#### [What to work on]
Using the records that follow, reproduce exactly the lines starting at the line containing "Durante las madrugadas" and ending at the line containing "シャギーニットのモノトーンコーデ". Include both end lines and no pictures.

#### [Data provided]
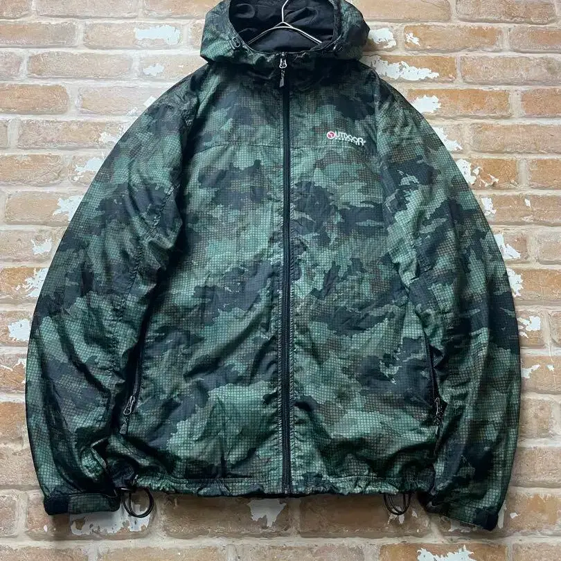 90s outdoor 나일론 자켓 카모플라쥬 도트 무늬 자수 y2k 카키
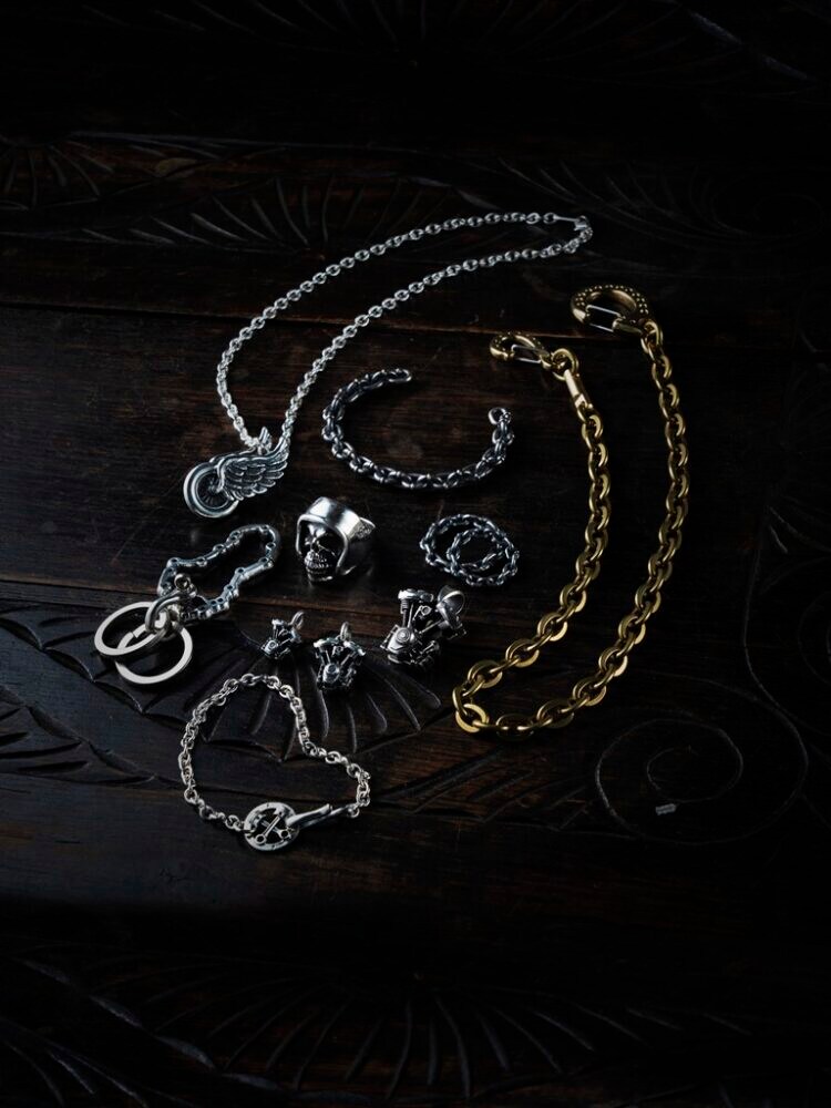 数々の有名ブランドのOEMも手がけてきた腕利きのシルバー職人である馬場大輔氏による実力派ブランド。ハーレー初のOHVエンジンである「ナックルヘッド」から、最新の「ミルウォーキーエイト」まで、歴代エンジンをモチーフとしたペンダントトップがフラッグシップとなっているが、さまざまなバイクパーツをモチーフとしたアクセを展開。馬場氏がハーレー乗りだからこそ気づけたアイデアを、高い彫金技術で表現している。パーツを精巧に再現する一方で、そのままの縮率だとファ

--

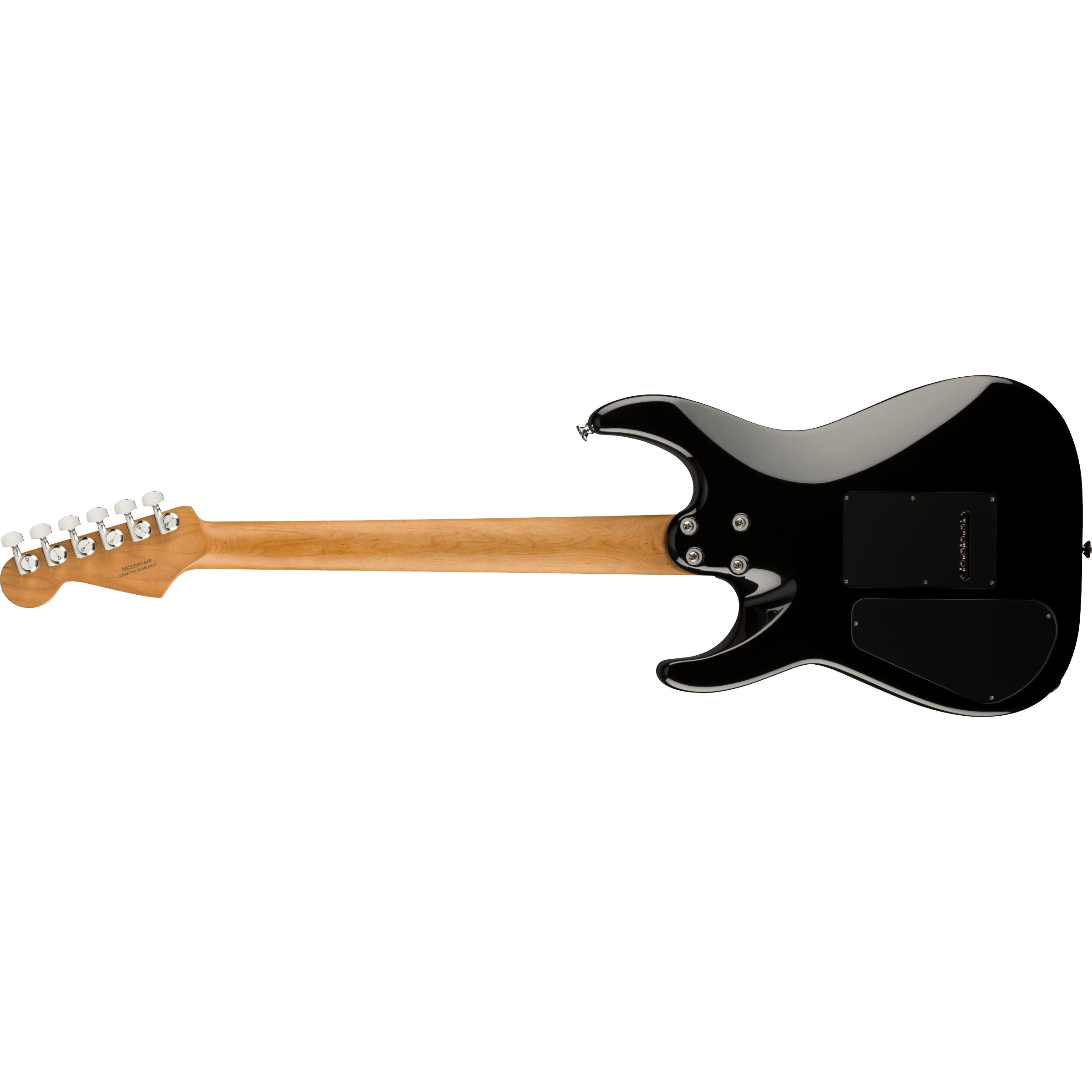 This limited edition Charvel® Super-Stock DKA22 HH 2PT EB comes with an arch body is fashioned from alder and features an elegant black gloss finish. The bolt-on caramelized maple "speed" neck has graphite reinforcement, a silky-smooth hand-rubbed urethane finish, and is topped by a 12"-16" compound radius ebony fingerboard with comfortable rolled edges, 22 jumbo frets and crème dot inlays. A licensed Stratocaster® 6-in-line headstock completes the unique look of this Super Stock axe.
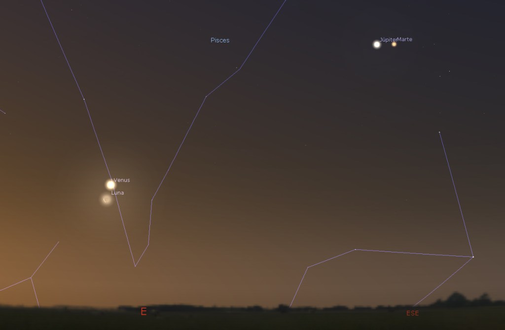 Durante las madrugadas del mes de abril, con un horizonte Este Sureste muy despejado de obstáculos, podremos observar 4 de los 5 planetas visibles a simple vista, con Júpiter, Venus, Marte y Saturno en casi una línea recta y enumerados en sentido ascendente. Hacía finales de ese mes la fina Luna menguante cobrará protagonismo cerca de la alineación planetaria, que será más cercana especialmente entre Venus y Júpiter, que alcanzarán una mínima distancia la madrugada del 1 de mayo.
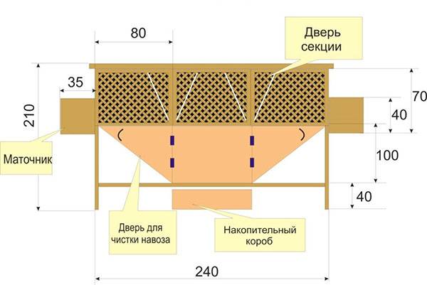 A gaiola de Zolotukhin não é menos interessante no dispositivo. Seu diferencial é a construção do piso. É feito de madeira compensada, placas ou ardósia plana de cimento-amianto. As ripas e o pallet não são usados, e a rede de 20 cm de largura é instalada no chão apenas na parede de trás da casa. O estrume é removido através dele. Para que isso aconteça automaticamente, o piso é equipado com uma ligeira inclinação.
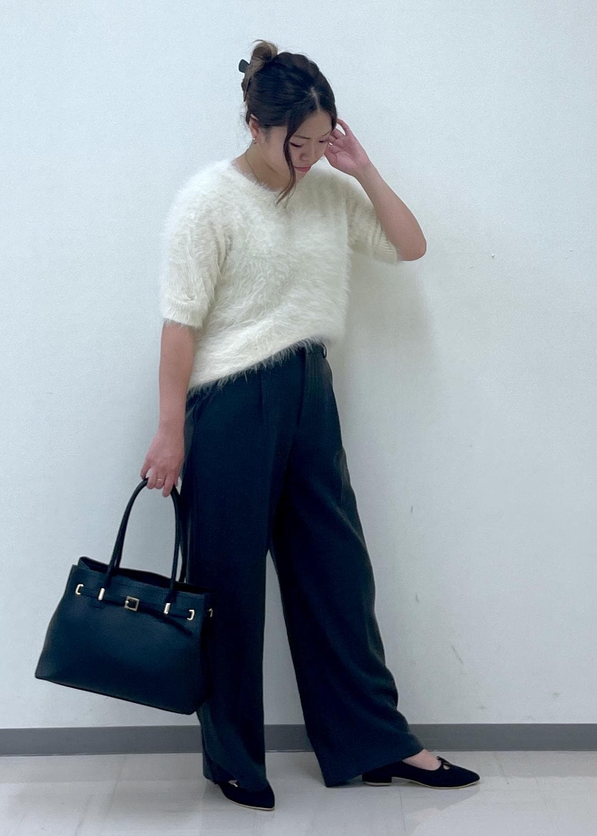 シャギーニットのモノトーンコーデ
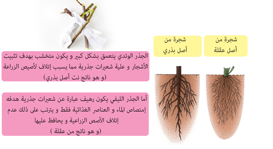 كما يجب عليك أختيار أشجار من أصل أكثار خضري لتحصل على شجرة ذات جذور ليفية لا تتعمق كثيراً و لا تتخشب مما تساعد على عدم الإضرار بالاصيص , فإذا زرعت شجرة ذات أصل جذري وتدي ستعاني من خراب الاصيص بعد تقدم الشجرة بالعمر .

...

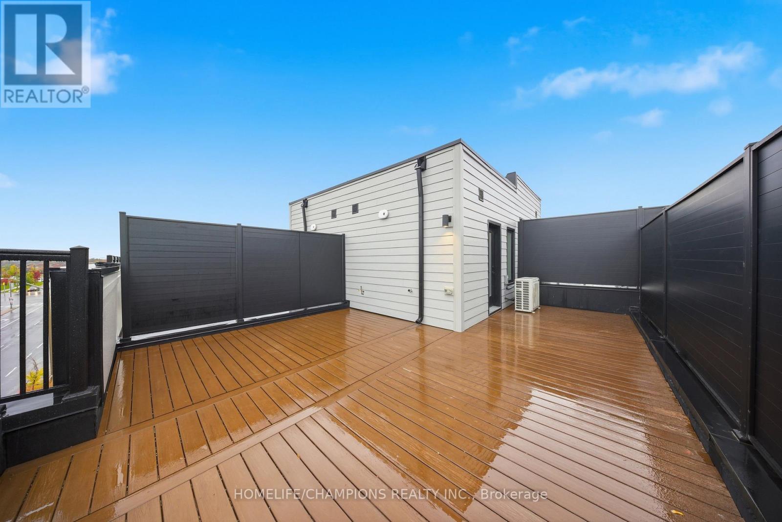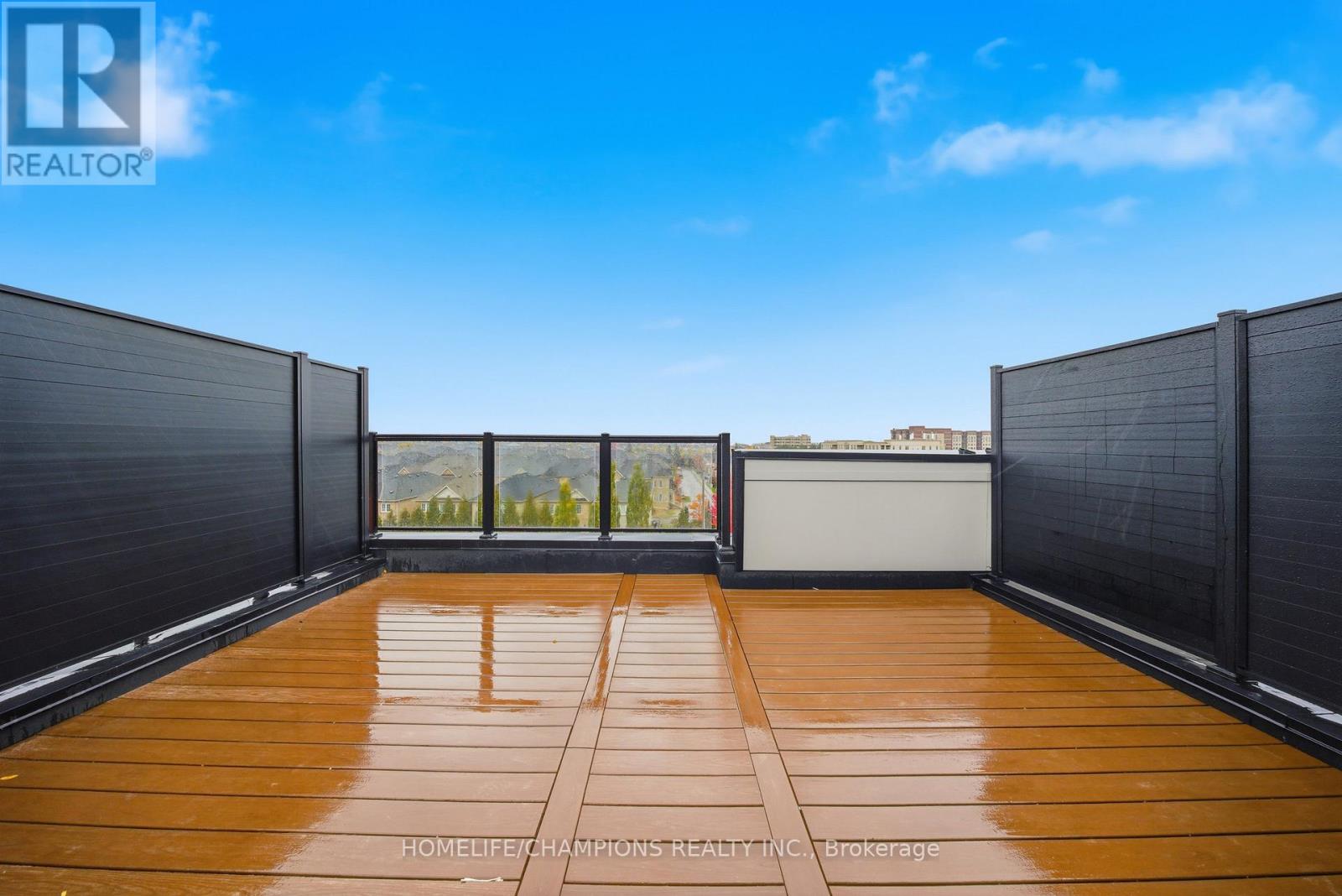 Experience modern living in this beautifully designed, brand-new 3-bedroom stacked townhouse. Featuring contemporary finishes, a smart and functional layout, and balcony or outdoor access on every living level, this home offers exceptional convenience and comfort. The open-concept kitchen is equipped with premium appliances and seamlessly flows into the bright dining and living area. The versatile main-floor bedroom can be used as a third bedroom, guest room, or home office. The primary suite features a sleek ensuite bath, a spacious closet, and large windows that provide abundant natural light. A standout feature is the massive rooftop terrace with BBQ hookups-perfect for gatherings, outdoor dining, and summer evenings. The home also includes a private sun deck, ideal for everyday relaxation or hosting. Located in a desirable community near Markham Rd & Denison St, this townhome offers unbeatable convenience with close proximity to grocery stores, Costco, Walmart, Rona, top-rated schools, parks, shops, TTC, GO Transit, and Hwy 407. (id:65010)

#### [Task output]
 Durante las madrugadas del mes de abril, con un horizonte Este Sureste muy despejado de obstáculos, podremos observar 4 de los 5 planetas visibles a simple vista, con Júpiter, Venus, Marte y Saturno en casi una línea recta y enumerados en sentido ascendente. Hacía finales de ese mes la fina Luna menguante cobrará protagonismo cerca de la alineación planetaria, que será más cercana especialmente entre Venus y Júpiter, que alcanzarán una mínima distancia la madrugada del 1 de mayo.
 A gaiola de Zolotukhin não é menos interessante no dispositivo. Seu diferencial é a construção do piso. É feito de madeira compensada, placas ou ardósia plana de cimento-amianto. As ripas e o pallet não são usados, e a rede de 20 cm de largura é instalada no chão apenas na parede de trás da casa. O estrume é removido através dele. Para que isso aconteça automaticamente, o piso é equipado com uma ligeira inclinação.
 シャギーニットのモノトーンコーデ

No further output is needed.